Thunder rumbles among Conservative back-benchers about European migration while all of Westminster rained down criticism in the light of a National Audit Office report on the extradition of Foreign National Offenders.
But the recent spotlight upon the free movement of people within the European Union and the extradition of foreign criminals illuminates only two issues in a complex array of reforms to immigration law which have been underway this year. While the rhetoric surrounding immigration policy will doubtless continue to the General Election in 2015, practitioners must contend with a plethora of substantive changes currently being made to statutory provisions, the Immigration Rules and guidance.
The Immigration Act 2014 received Royal Assent on 14 May 2014, implementing a series of amendments to existing immigration statutes and introducing newly constricted rights of appeal against removal and detention. Subsequent changes have been made to secondary legislation in the form of the Immigration Rules, sometimes with extremely limited notice from the Home Office – as a case in point; the last statement of changes to the Immigration Rules contained some provisions which gave only two working days’ notice of a change.

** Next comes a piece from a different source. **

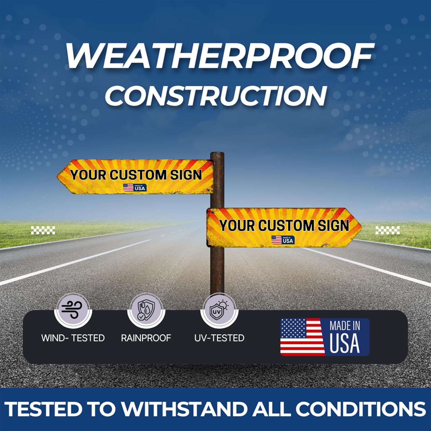 - CUSTOM Compact Size: β Perfect for guiding traffic or marking directional flow; ideal for use as CUSTOM metal yard signs, CUSTOM metal street signs, or custom street signs metal.
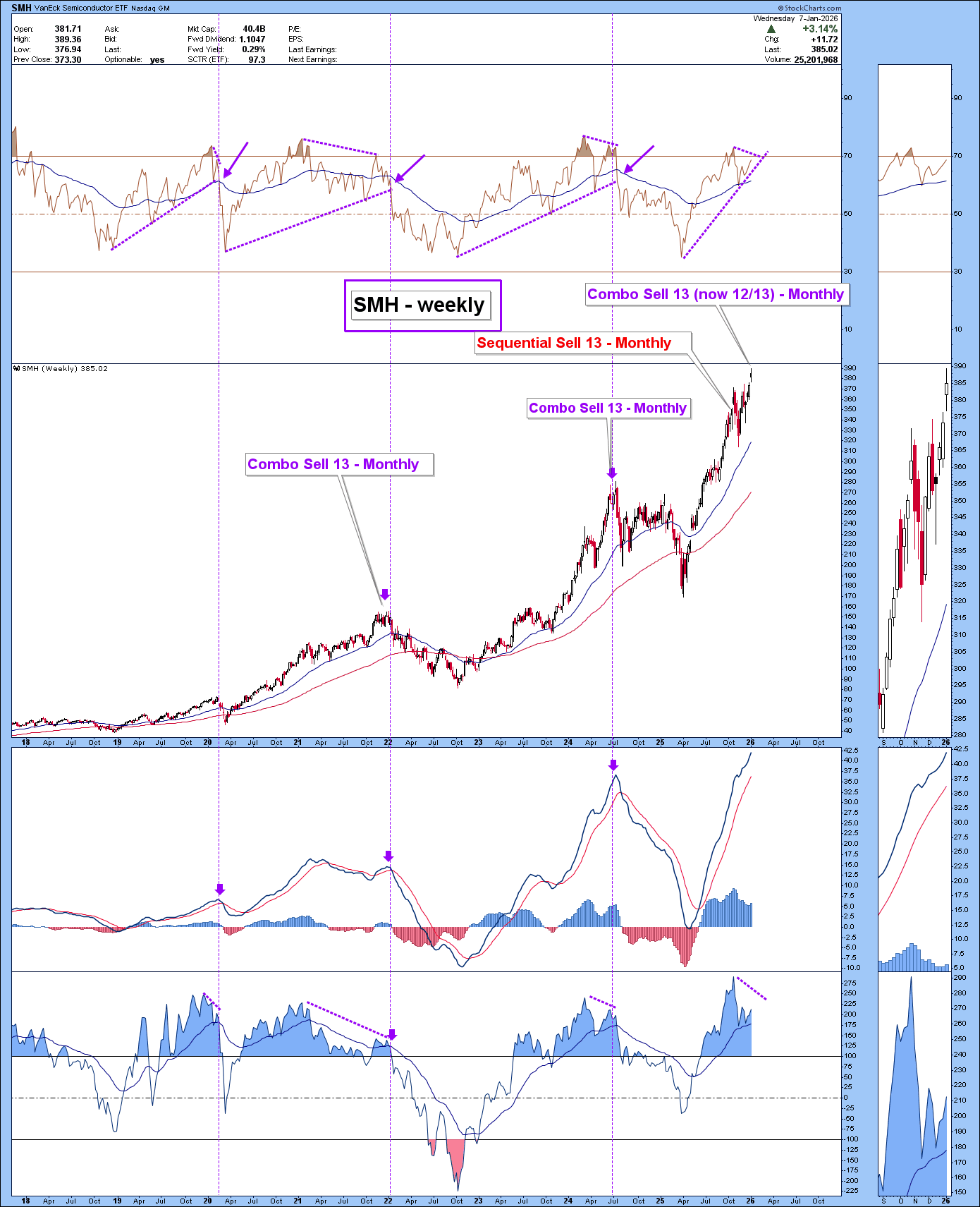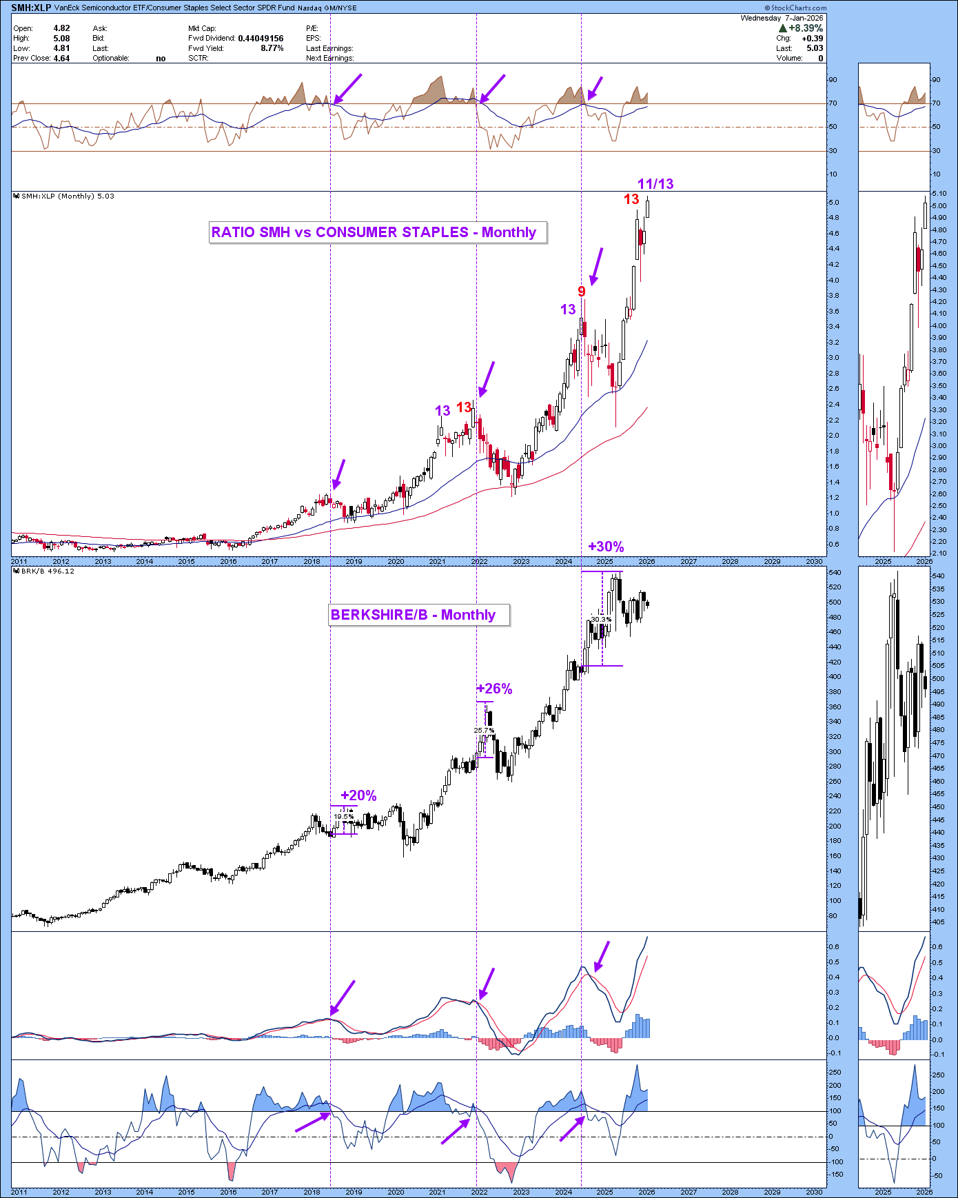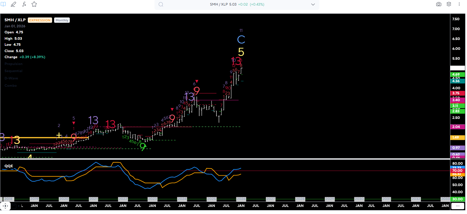 - 2) il ratio tra SMH & Consumer Staples ha segnali mensili quasi simili (Combo Sell 11/13 )

The upshot for immigration law practitioners is a legal framework which is in an almost constant state of flux, putting increased pressure on firms to provide up to date know-how for employees and to temper all advice to clients.

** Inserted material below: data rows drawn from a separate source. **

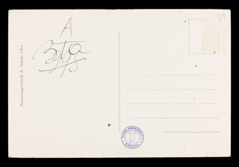 Frammenti di granate e shrapnel (proiettile per artiglieria largamente utilizzato durante la prima guerra mondiale) sparati dall'esercito italiano, raccolti e accatastati dopo il bombardamento di Gorizia. Cartolina non viaggiata.
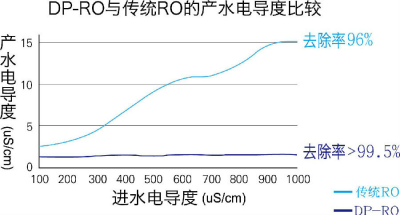 * 專利的DP-RO深度除鹽技術能提升系統(tǒng)的總體除鹽率達到99.5%以上,降低原水水質(zhì)變化造成的影響,并在原水電導率不超過1000 μS/cm的情況下穩(wěn)定產(chǎn)出符合ISO標準的三級水,同時大幅度改善了系統(tǒng)的耐用度、延長超純化濾芯的使用壽命,并降低了超純水的生產(chǎn)成本,解決了連續(xù)電除鹽技術所帶來的高購置及高頻率維護成本。
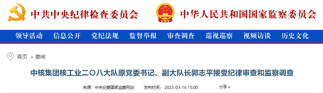 中央紀(jì)委國(guó)家監(jiān)委網(wǎng)站3月16日消息,中核集團(tuán)核工業(yè)二〇八大隊(duì)原黨委書(shū)記、副大隊(duì)長(zhǎng)郭志平涉嫌嚴(yán)重違紀(jì)違法,目前正接受中核集團(tuán)紀(jì)檢監(jiān)察組和內(nèi)蒙古自治區(qū)烏海市監(jiān)委紀(jì)律審查和監(jiān)察調(diào)查。
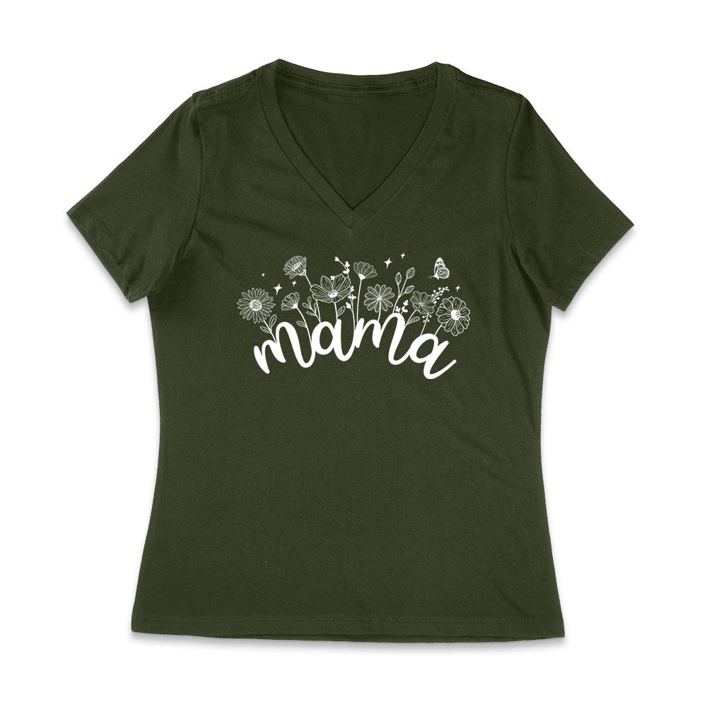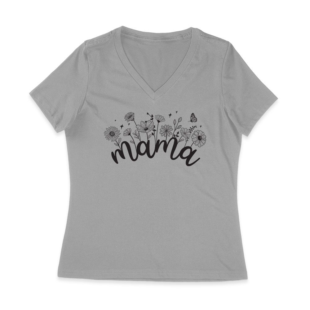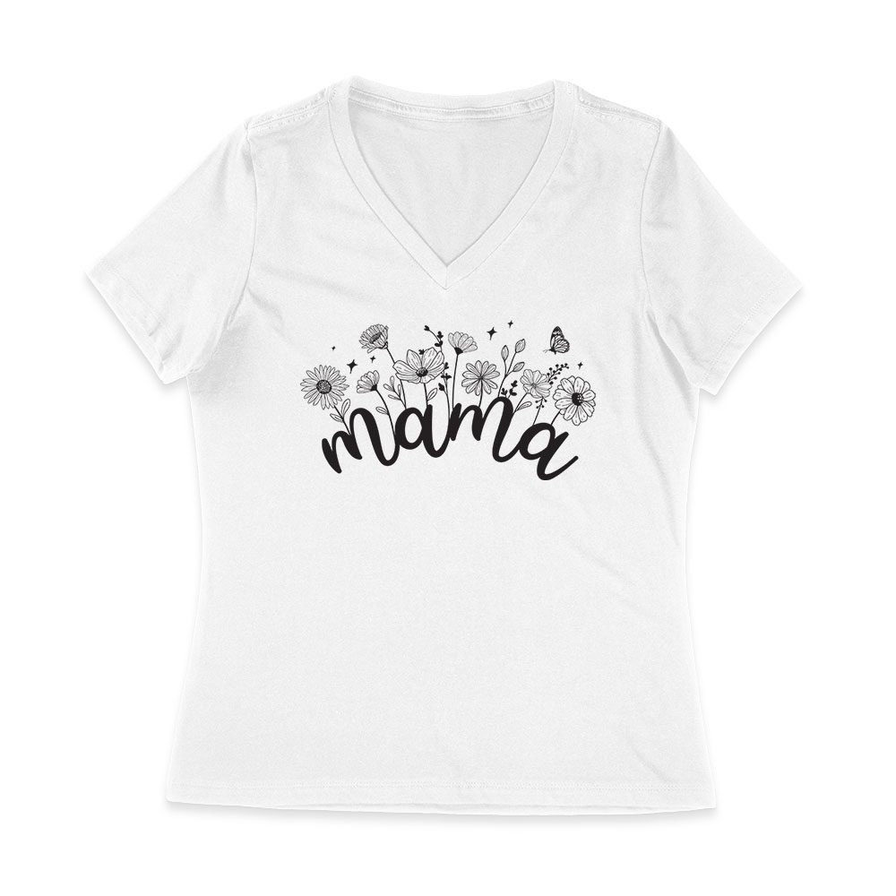 Mama Mother’s Day T-Shirt – Floral Mom Tee – Cute Gift for Mom – Flower Background Shirt Women Jersey V-Neck
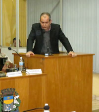 O vereador Fábio Freitas Gibaile discursa após ter sido eleito presidente da Câmara Municipal

And the outlook remains uncertain. The 2014 Act is not yet in force in its entirety and current commencement orders have been selective in the constituencies that the Act affects – currently singling out students and foreign national offenders facing deportation for fewer appeal rights. The further enactment of the Act and increased numbers of people to whom reduced appeal rights apply must be anticipated.
Furthermore, current topics of national debate such as the UK’s membership of the EU and the Conservative desire to scrap the Human Rights Act 1998 create further questions about the future of immigration law. Would workers from the European Economic Area still enjoy enhanced immigration rights into a United Kingdom set apart from the EU? Could the EU be persuaded to accept an immigration cap into the UK? How would the UK apply the European Convention on Human Rights to immigration law without the Human Rights Act?
While British voters feel the increased pressure upon scarce public resources and record numbers of the UK workforce are in low paid jobs, the debate about who should be permitted entry to live and work in the UK is unlikely to abate. Politicians court voters by posing difficult questions; immigration law practitioners are left to consider the answers.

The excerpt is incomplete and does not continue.